If you are using fdisk to create a RAID partition, bear in mind that instead of creating a partition as type 83, which is Linux native, you must create the partition as type fd (Linux RAID) and that partitions within a given RAID array should span identical cylinders on drives for best performance.

  • Create a partition. In Disk Druid, choose Add to create a new partition (see Figure E-1).

    Figure E-1. Creating a New RAID Partition

  • You will not be able to enter a mount point (you will be able to do that once you've created your RAID device).

  • Enter the size that you want the partition to be.

  • Select Grow to fill disk if you want the partition to grow to fill all available space on the hard disk. In this case, the partition's size will expand and contract as other partitions are modified. If you make more than one partition grow-able, the partitions will compete for the available free space on the disk.

  • Enter the partition type as RAID.

  • Finally, for Allowable Drives, select the drive that RAID will be created on. If you have multiple drives, all drives will be selected here and you must deselect those drives which will not have RAID array on it.

Continue these steps to create as many partitions as needed for your RAID setup.

Figure E-2. RAID Partitions

Once you have all of your partitions created as RAID partitions, select the Make RAID Device button on the Disk Druid main partitioning screen (see Figure E-2).

Next, Figure E-3 will appear which will allow you to make a RAID device.
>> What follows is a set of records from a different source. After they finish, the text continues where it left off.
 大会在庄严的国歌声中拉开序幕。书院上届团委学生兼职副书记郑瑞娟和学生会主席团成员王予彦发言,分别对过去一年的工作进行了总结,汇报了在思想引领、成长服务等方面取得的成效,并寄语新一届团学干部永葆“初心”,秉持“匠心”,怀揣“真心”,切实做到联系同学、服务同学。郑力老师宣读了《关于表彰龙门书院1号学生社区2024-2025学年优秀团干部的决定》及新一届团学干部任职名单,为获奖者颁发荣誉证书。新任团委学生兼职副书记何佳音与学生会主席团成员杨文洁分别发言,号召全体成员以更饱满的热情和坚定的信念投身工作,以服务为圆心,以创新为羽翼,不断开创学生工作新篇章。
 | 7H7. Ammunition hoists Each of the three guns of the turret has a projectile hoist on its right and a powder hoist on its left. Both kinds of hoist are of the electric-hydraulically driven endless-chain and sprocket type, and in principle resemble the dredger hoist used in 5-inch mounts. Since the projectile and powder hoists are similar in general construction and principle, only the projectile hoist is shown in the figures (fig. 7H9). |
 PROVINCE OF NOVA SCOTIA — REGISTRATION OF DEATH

Figure E-3. Making a RAID Device

  • First, enter a mount point.

  • Next, make sure the partition type is set as Linux Native (which will be the default).
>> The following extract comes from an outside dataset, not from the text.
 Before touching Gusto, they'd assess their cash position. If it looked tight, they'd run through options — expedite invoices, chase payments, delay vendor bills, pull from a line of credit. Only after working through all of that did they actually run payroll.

  • Choose your RAID device. You should choose md0 for your first device, md1 for your second device, and so on, unless you have a specific reason to make it something else. Raid devices range from md0 to md7, and each may only be used once.

  • Choose your RAID type. You can choose from RAID 0, RAID 1, and RAID 5.

    NotePlease Note
     

    If you are making a RAID partition of /boot, you must choose RAID level 1 and it must use one of the first two drives (IDE first, SCSI second). If you are not creating a RAID partition of /boot, and are making a RAID partition of /, it must be RAID level 1 and it must use one of the first two drives (IDE first, SCSI second).

  • Finally, select which partitions will go into this RAID array (as in Figure E-4) and then click Next.

    Figure E-4. Creating a RAID Array

  • From here, you can continue with your installation process. Refer back to the Official Red Hat Linux Installation Guide for further instructions.

Notes

[1]

A hot-swap chassis allow you to remove a hard drive without having to power-down your system.

[2]

RAID level 1 is at a high cost because you write the same information to all of the disks in the array, which wastes drive space. For example, you have RAID level 1 set up so that your "/" (root) partition spans across two 4G drives. You have 8G total but are only able to access 4G of that 8G. The other 4G acts like a mirror of the first 4G.

[3]

Parity information is calculated based on the contents of the rest of the member disks in the array. This information can then be used to reconstruct data when a disk in the array fails. The reconstructed data can then be used to satisfy I/O requests to the failed disk, and to repopulate the failed disk after it has been repaired or replaced.

[4]

RAID level 4 takes up the same amount of space as RAID level 5, but level 5 has many advantages which is why level 4 is not supported.